Shareholders approved the proposal to amend KVAC’s Investment Management Trust Agreement by and between KVAC and Continental Stock Transfer & Trust Company, dated as of July 24, 2023, giving KVAC the right to extend the Business Combination Period from October 27, 2024 to July 27, 2025 by depositing $200,000 for each one month extended. Adoption of the Trust Amendment required approval by the affirmative vote of at least 50% of the outstanding shares.

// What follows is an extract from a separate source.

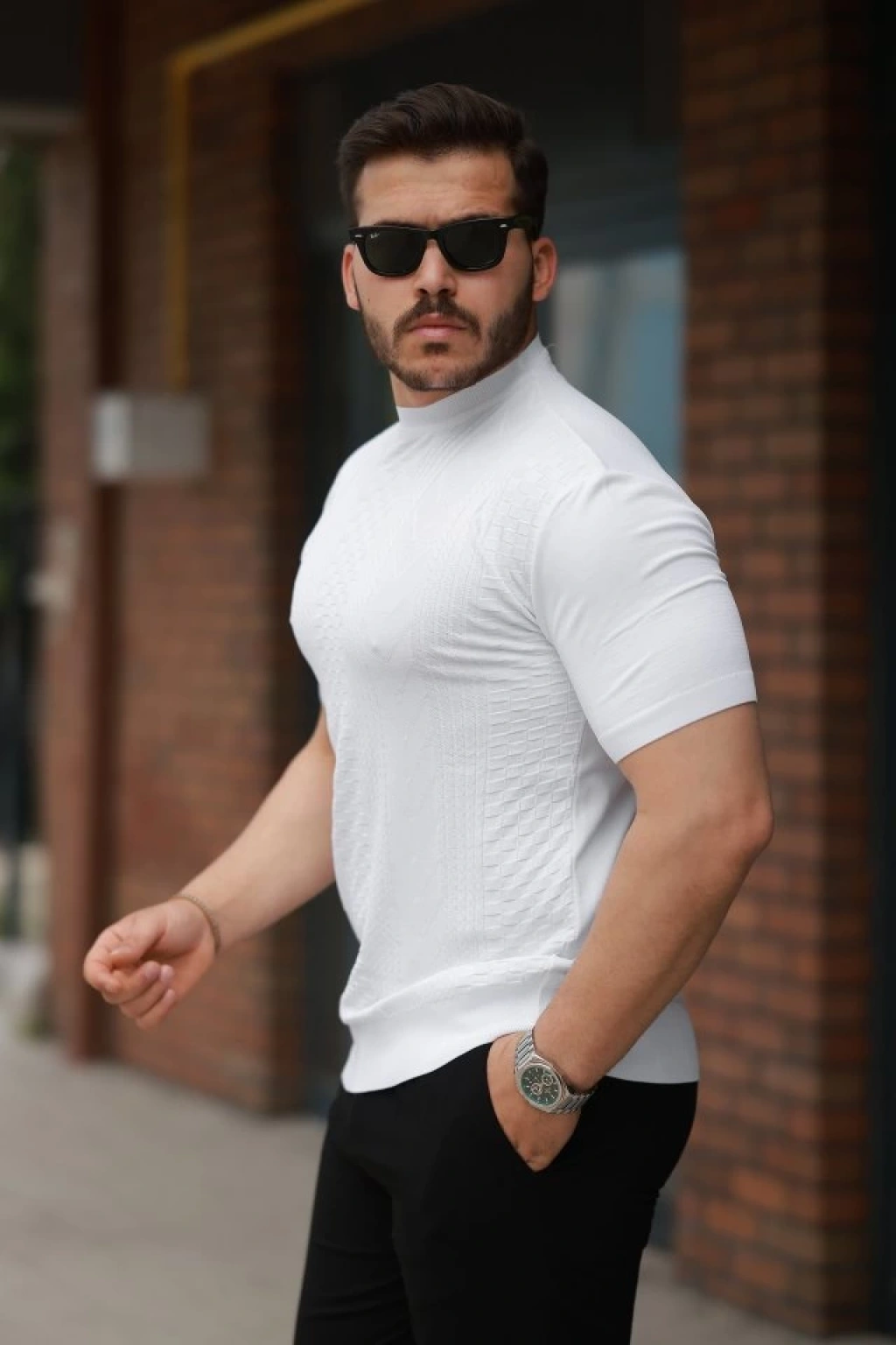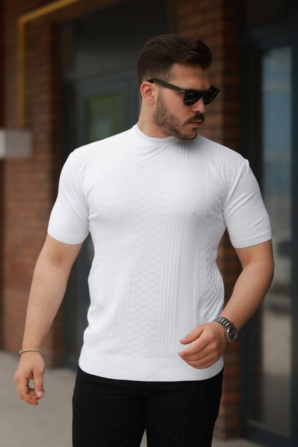 Erkek Desen Dokulu Kısa Kollu Tişört

The voting results were as follows:

 

FOR   AGAINST   ABSTAIN
10,443,176   6,900,053   255,847

 

4. Charter Amendment

 

Item 8.01. Other Events.

 

In connection with the shareholders’ vote at the Annual Meeting, 8,545,348 shares were tendered for redemption.

 

KVAC has deposited the initial payment of $200,000 in the Trust Account, to initially extend the date by which the Company can complete an initial business combination by one month to November 27, 2024.

 

Item 9.01. Financial Statements and Exhibits

 

Exhibit No.   Description
3.1   Second Amended and Restated Memorandum and Articles of Association of KVAC
10.1   Amendment to the Investment Management Trust Agreement between KVAC and Continental Stock Transfer & Trust Company dated October 25, 2024
10.2   Promissory Note dated October 28, 2024
104   Cover Page Interactive Data File (embedded within the Inline XBRL document)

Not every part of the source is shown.